Beffa agli alluvionati arriva la tassa sull’acqua

Comitati sul piede di guerra: «La gabella della bonifica è una presa per i fondelli» Il consigliere del consorzio Bacchiglione Brenta Vettorato accusa la Regione

di Andrea Canton

PONTE SAN NICOLO’

Nessuno sconto agli alluvionati. Nelle cassette della posta dei cittadini colpiti dal disastro del novembre 2010, nei giorni scorsi hanno cominciato a far capolino i bollettini per il pagamento del canone del Consorzio di Bonifica Bacchiglione.

Peccato che lo stesso Consorzio, lo scorso 4 ottobre, avesse chiesto alla Regione, da cui dipende, di esentare gli alluvionati, almeno per un anno, dal pagamento. Su tutte le furie Giovanni Vettorato, consigliere del Consorzio e promotore della richiesta. «La Regione, cui spettava l’ultima parola, ha completamente ignorato questa proposta. Capisco che l’acqua uscita dal fiume a Roncajette sia di responsabilità del Genio Civile, mentre la competenza del Consorzio si limiti alle acque interne, ma la Regione avrebbe dovuto, almeno per un anno, sostenere anche simbolicamente queste famiglie che hanno perso tutto». La quota da pagare si calcola in base ai metri quadrati di proprietà, tra terreni, case e fabbricati.

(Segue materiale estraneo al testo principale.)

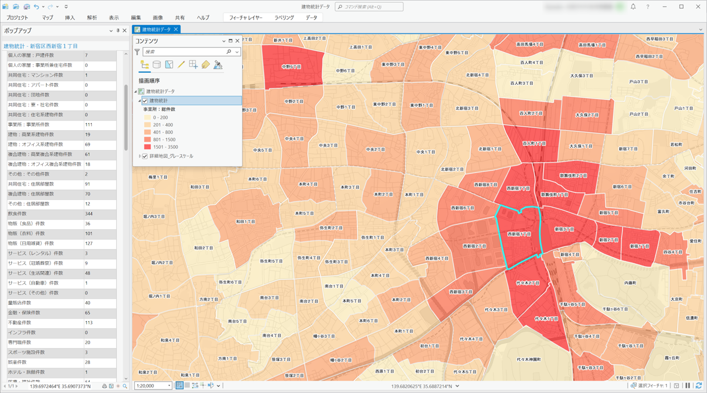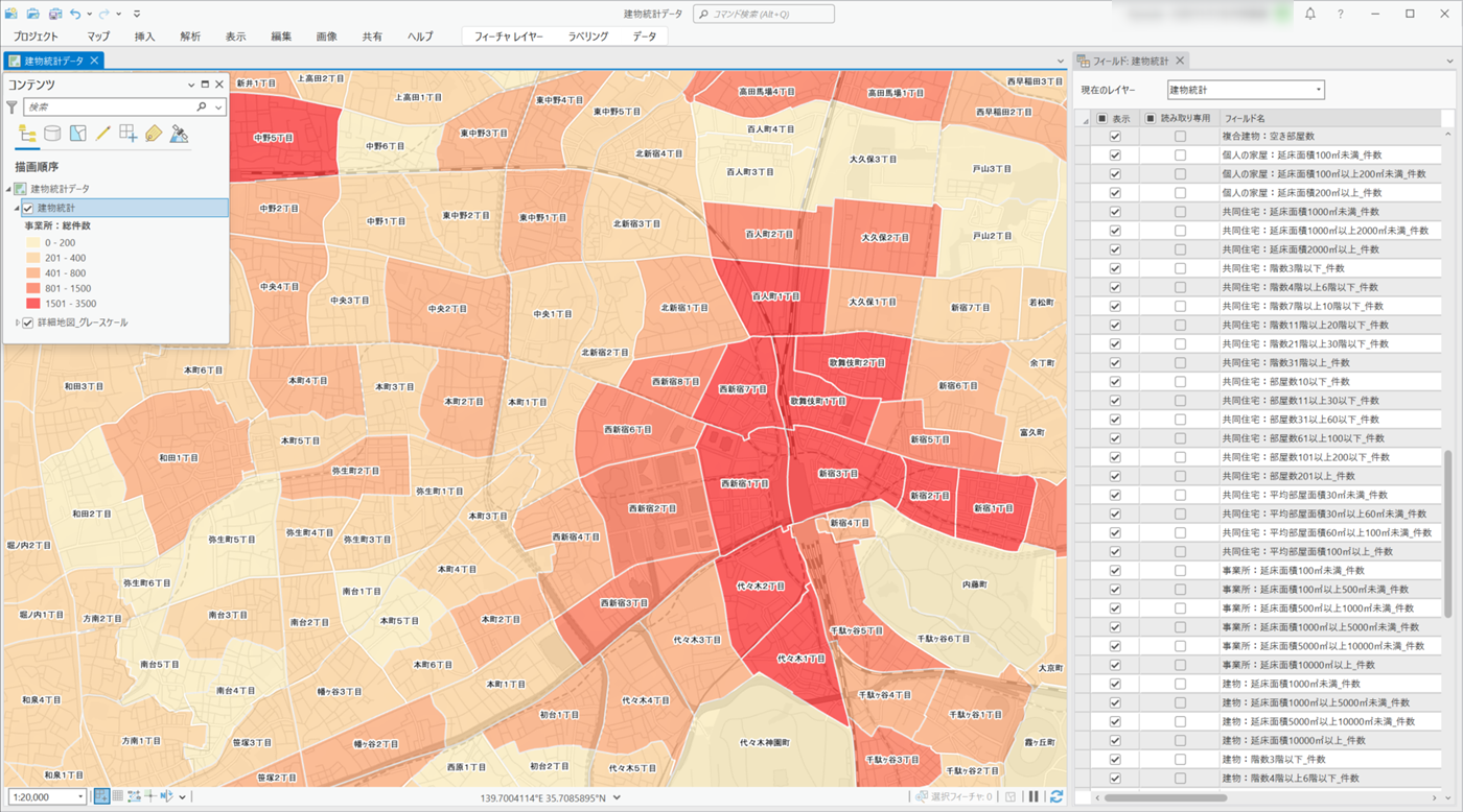 建物統計データは、住宅や商業ビル、オフィスビルなど全国約3,700万棟の建物を、行政界ごとに、建物種別、事業所種別、階数、面積などで集計・統計化したデータです。ゼンリン住宅地図をベースとした建物一軒一軒の情報を統計化しているため、実状に近いより精密な分析が可能です。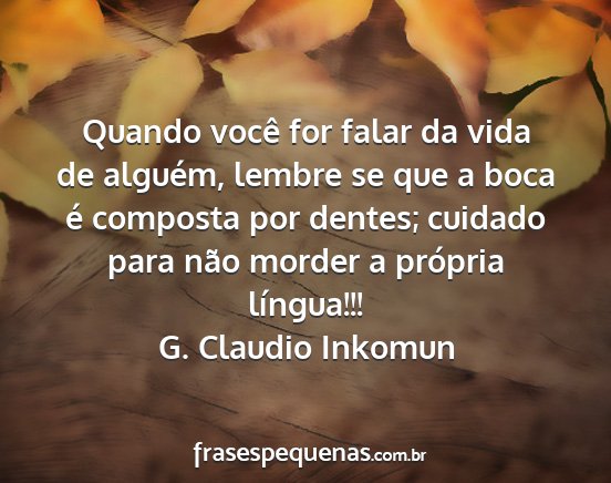 Quando você for falar da vida de alguém, lembre se que a boca é composta por dentes; cuidado para não morder a própria língua!!!G. Claudio Inkomun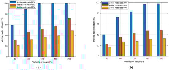 Figure 16 shows that at the beginning when the algorithm works for 40 rounds, the utilization rate of mobile nodes is not high, especially when mobile nodes account for 60% of the total quantity of nodes. Even after 200 rounds of the algorithm, the proportion of mobile nodes effectively repairing holes is less than 50%, so if a large amount of mobile nodes is thrown in hybrid WSNs, not only are the resources of mobile nodes not effectively used, i.e., most nodes will act as static nodes responsible for receiving and sending messages, but there will also be an increase in the network’s cost. After the comparative analysis of the mobile node ratio in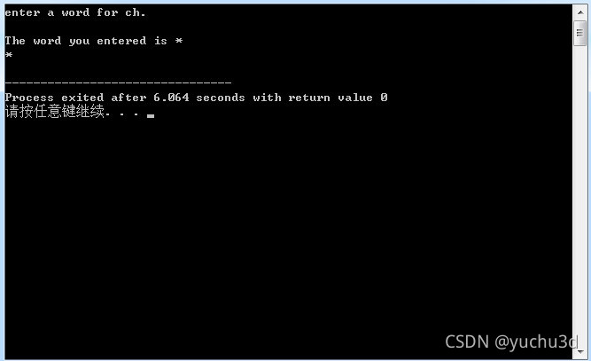 这里,当你输入一个字符之后,程序会等待你输入第二个非空白字符(注意,会跨过第二个非空白字符前的空格和回车符),程序才会进入下一步,而scanf()读取的却是你输入的第一个字符。
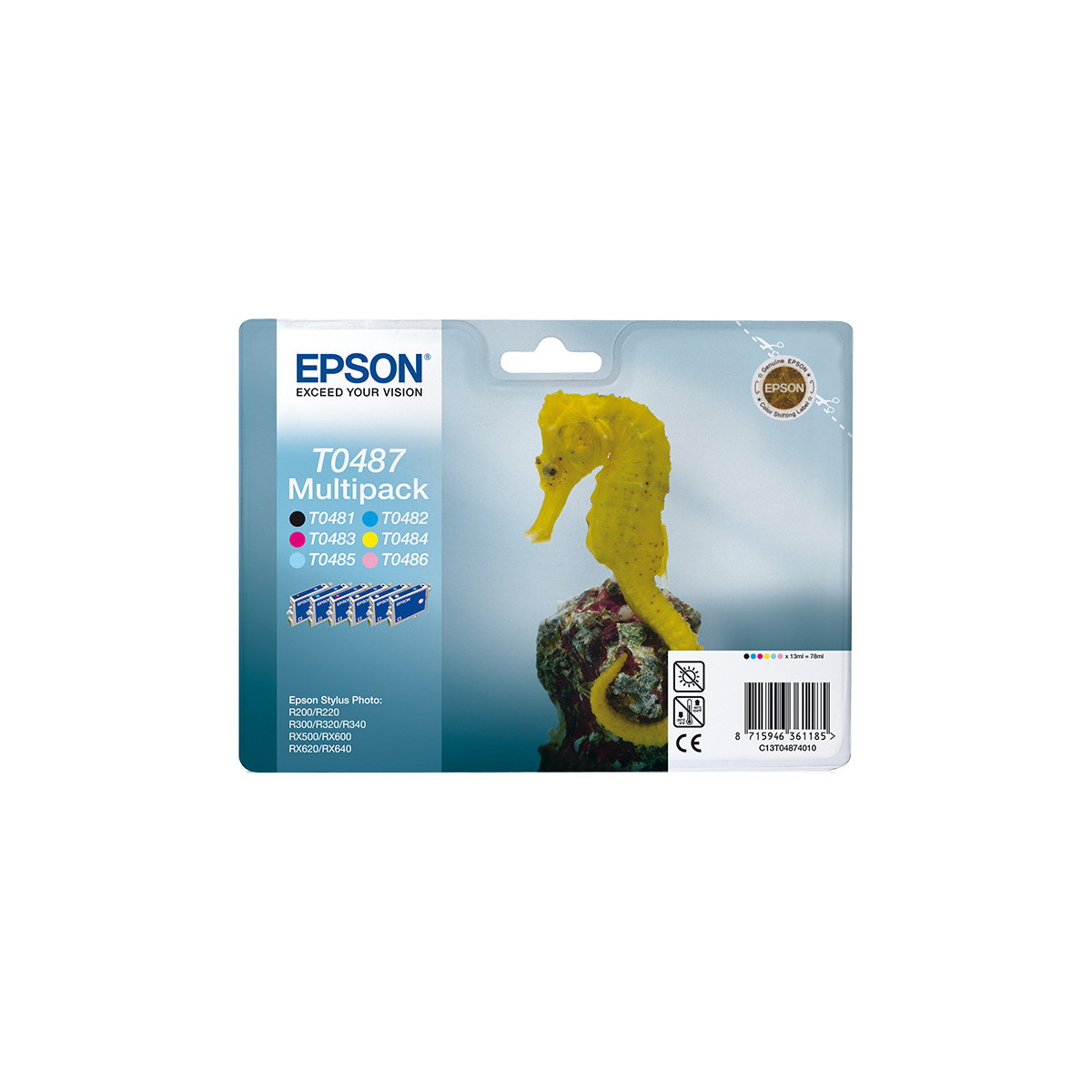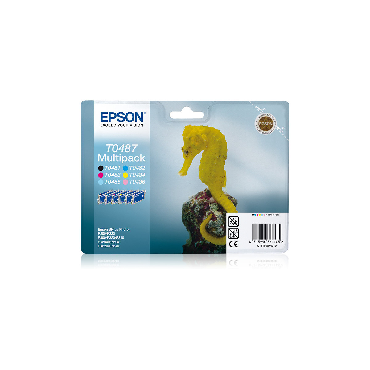 MultiPack T0487, contenente n.6 cartucce : Nero(T048140), Ciano(T048240), Magenta(T048340), Giallo(T048440), Ciano-chiaro(T048540), Magenta-chiaro(T048650), in confezione blister RS.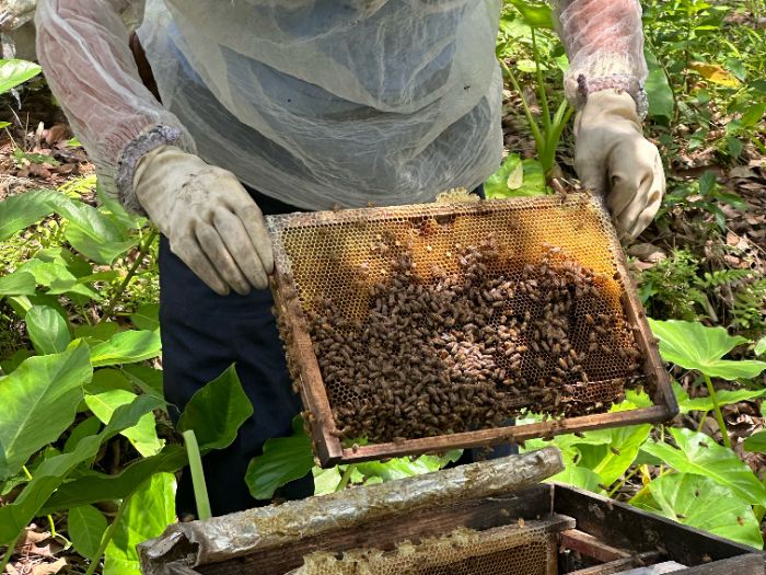 圖為蜂農袁日炳展示蜂巢蜜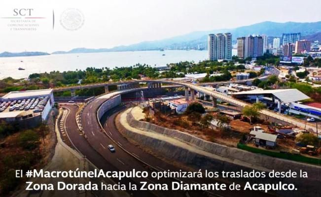 El titular de la SCT, Gerardo Ruiz Esparza, "puso en operación el Macrotúnel y los entronques Brisamar y Cayaco, que unen la zona tradicional de La Costera con la Diamante y el Aeropuerto Internacional de Acapulco", informó la institución en un boletín.
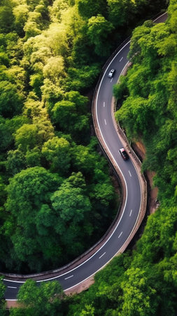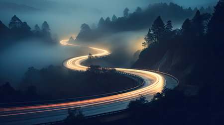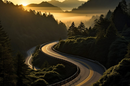 The sun's first rays illuminate a winding road through a misty mountain forest, creating a tranquil and enchanting morning scene. Generative AI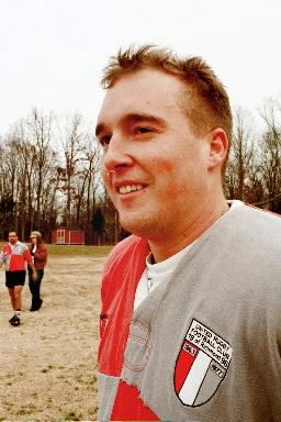 Build up a repertoire of different warm-ups- double-touch for example, "basketball" if you have use of a full field, "baseball" is another fun game. Change it for each practice. One I like is where you pair players off. They must face each other, hands on each other's shoulders, and then the one must attempt to tramp on the other's toes with either foot. The fellow who is being tramped on tries to dance out of the way without breaking the hands-on-shoulder contact. When you blow the whistle, the roles are changed. It is great fun, tires you quickly and generates howls of laughter.

Una “tassa” cancellata nel 2010 che nessuno, l’anno scorso, ha dovuto pagare. «Come Berlusconi aveva promesso il taglio dell’Ici nel 2008 – commenta Vettorato – così Zaia, in campagna elettorale, aveva promesso il taglio del canone del Consorzio». Dopo il taglio l’alluvione, che rese necessario un brusco cambio di rotta, al fine di garantire la sicurezza idrogeologica a partire dai corsi d’acqua interni: «La Regione aveva inizialmente proposto che fossero i Comuni a pagare i Consorzi per le famiglie il cui canone fosse inferiore a 56 euro».

Ma lo stato disastroso delle finanze dei Comuni costrinse la giunta regionale a ripristinare, a partire da quest’anno, la tassa cancellata. Ma che a pagare, già nel 2012, siano anche gli alluvionati, a Vettorato non va proprio giù. A questo, per il consigliere sannicolese, si aggiunge un altro motivo di indignazione: «Gli abitanti del centro storico sono da sempre esentati dal pagamento del Consorzio di bonifica – spiega Vettorato – loro che abitano in quartieri dai quali le acque piovane defluiscono con facilità proprio verso Roncajette». E conclude: «È assurdo che un alluvionato di Ponte San Nicolò, Casalserugo o Bovolenta sia costretto a pagare quello che il proprietario di un appartamento in centro non ha mai pagato. Oltre al danno c’è la beffa».

Sulla stessa linea Anastasia Nariuzzi, alluvionata esponente del comitato di Roncajette: «Vedersi arrivare una bolletta con indicati riferimenti a bonifiche e salvaguardie idrogeologiche dei fabbricati ci pare proprio una presa per i fondelli».